*** Listed records ***

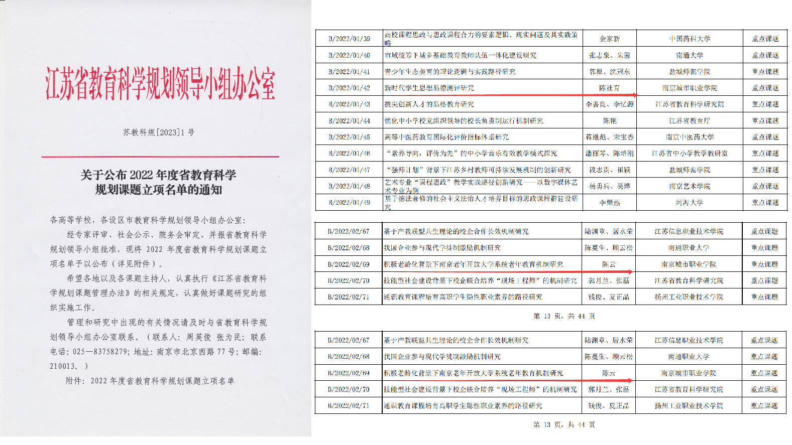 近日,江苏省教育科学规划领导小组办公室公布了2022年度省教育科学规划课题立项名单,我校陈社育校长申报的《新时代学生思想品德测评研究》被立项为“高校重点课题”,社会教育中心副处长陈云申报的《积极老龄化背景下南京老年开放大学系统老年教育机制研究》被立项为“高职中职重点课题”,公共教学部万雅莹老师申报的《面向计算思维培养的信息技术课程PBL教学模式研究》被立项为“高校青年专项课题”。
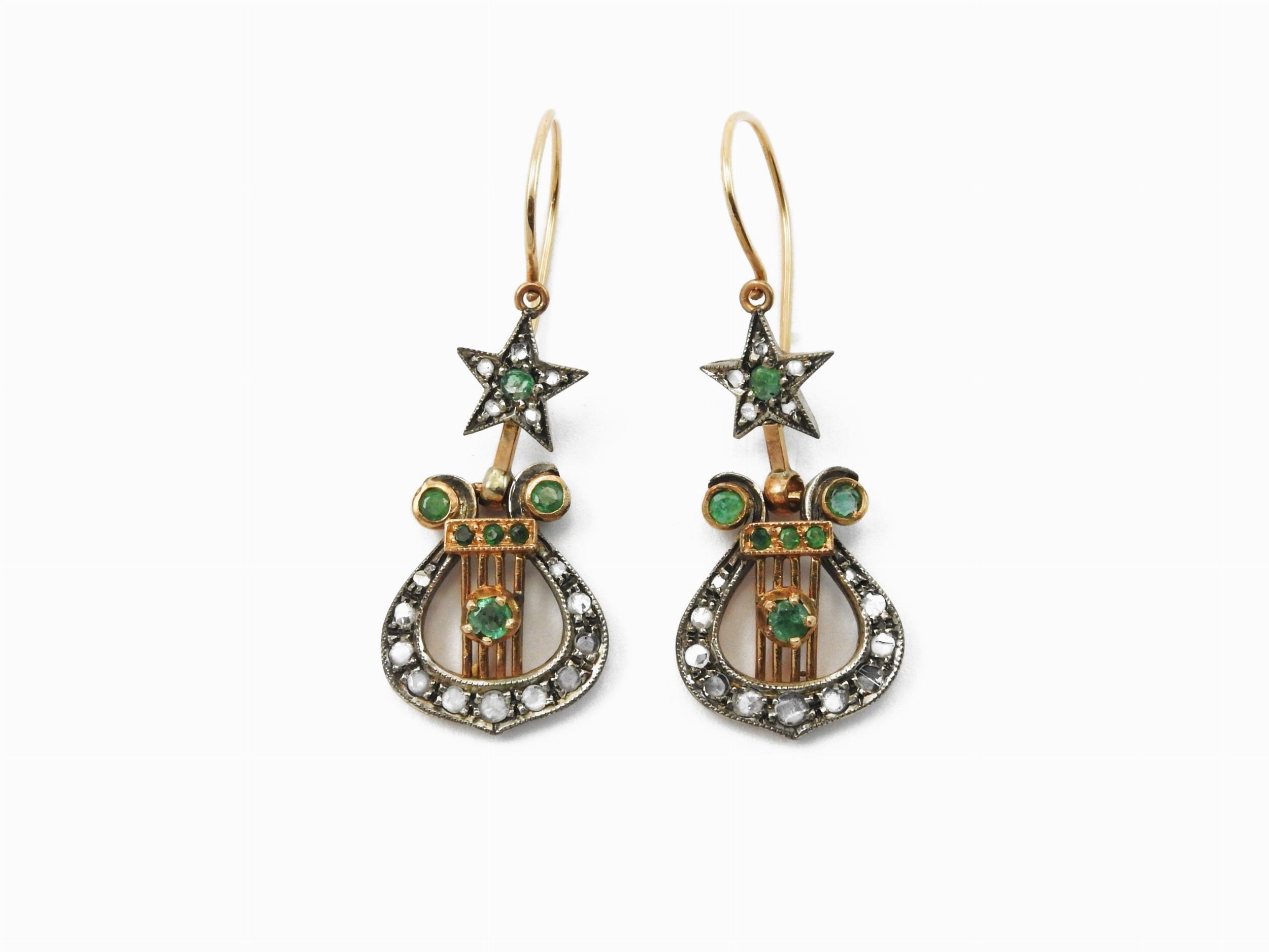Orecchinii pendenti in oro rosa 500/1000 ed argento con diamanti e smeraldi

*** End of Listed records ***
*** Listed records ***

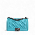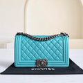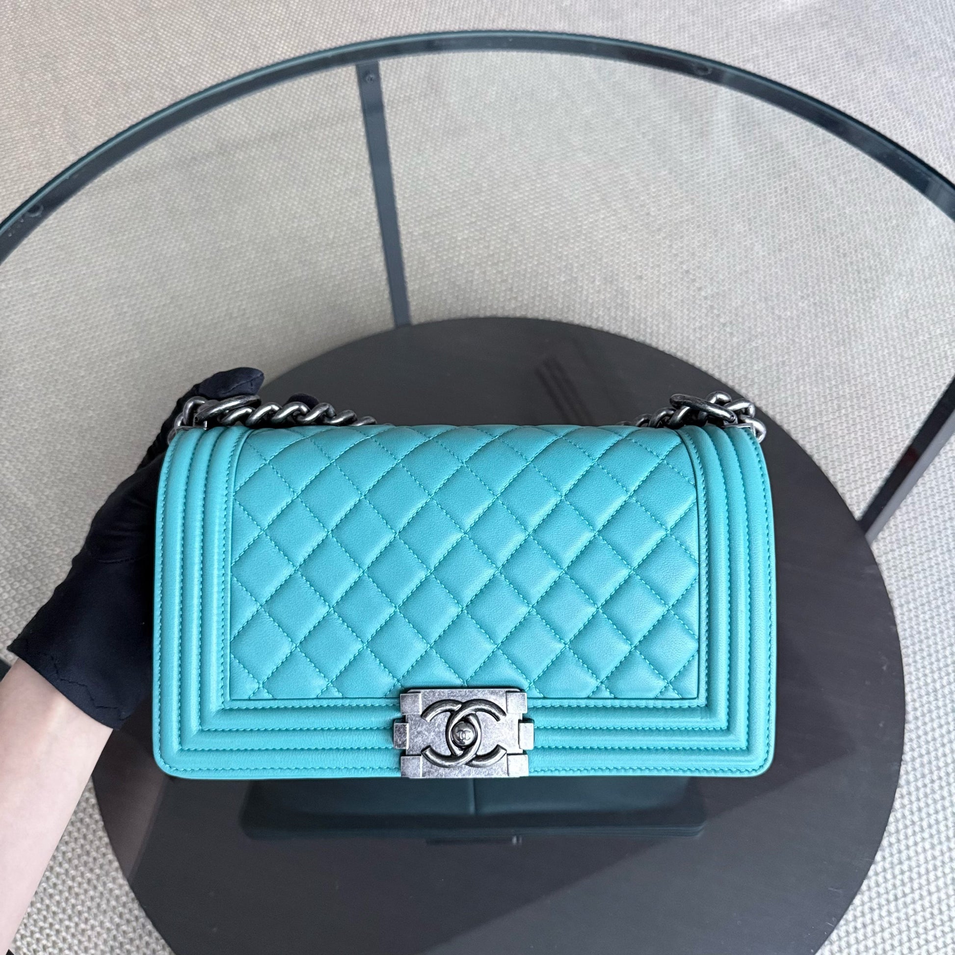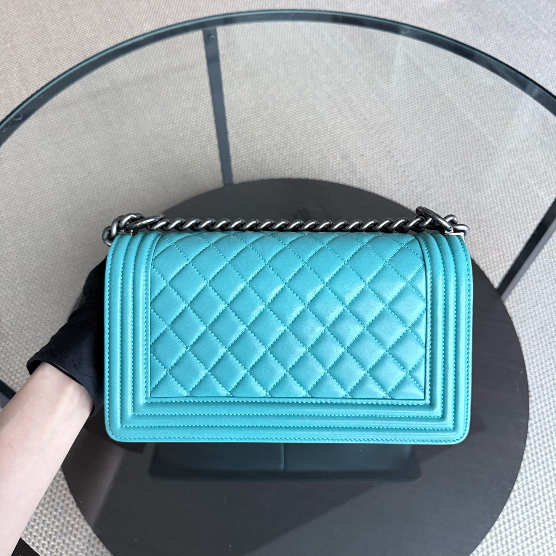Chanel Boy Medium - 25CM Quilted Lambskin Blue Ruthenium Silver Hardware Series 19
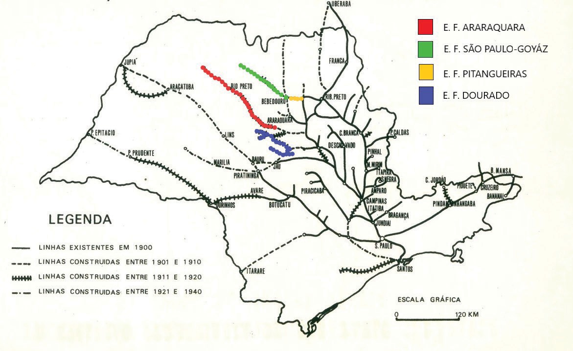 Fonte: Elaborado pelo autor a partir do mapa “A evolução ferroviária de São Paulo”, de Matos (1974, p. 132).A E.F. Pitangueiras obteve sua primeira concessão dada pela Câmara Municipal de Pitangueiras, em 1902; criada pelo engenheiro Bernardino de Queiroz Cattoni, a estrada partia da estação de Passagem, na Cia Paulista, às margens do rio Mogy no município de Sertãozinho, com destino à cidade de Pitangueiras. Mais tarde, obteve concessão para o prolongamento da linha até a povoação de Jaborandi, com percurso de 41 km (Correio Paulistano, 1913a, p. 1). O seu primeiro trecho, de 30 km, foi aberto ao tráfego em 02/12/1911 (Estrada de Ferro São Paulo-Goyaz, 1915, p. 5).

*** End of Listed records ***

__Required action__:
Out of the records above, please copy exactly the lines from the line with "近日,江苏省教育科学规划领导" up to and including the line with "Orecchinii pendenti in", minus the pictures.

__Answer below__:
 近日,江苏省教育科学规划领导小组办公室公布了2022年度省教育科学规划课题立项名单,我校陈社育校长申报的《新时代学生思想品德测评研究》被立项为“高校重点课题”,社会教育中心副处长陈云申报的《积极老龄化背景下南京老年开放大学系统老年教育机制研究》被立项为“高职中职重点课题”,公共教学部万雅莹老师申报的《面向计算思维培养的信息技术课程PBL教学模式研究》被立项为“高校青年专项课题”。
Orecchinii pendenti in oro rosa 500/1000 ed argento con diamanti e smeraldi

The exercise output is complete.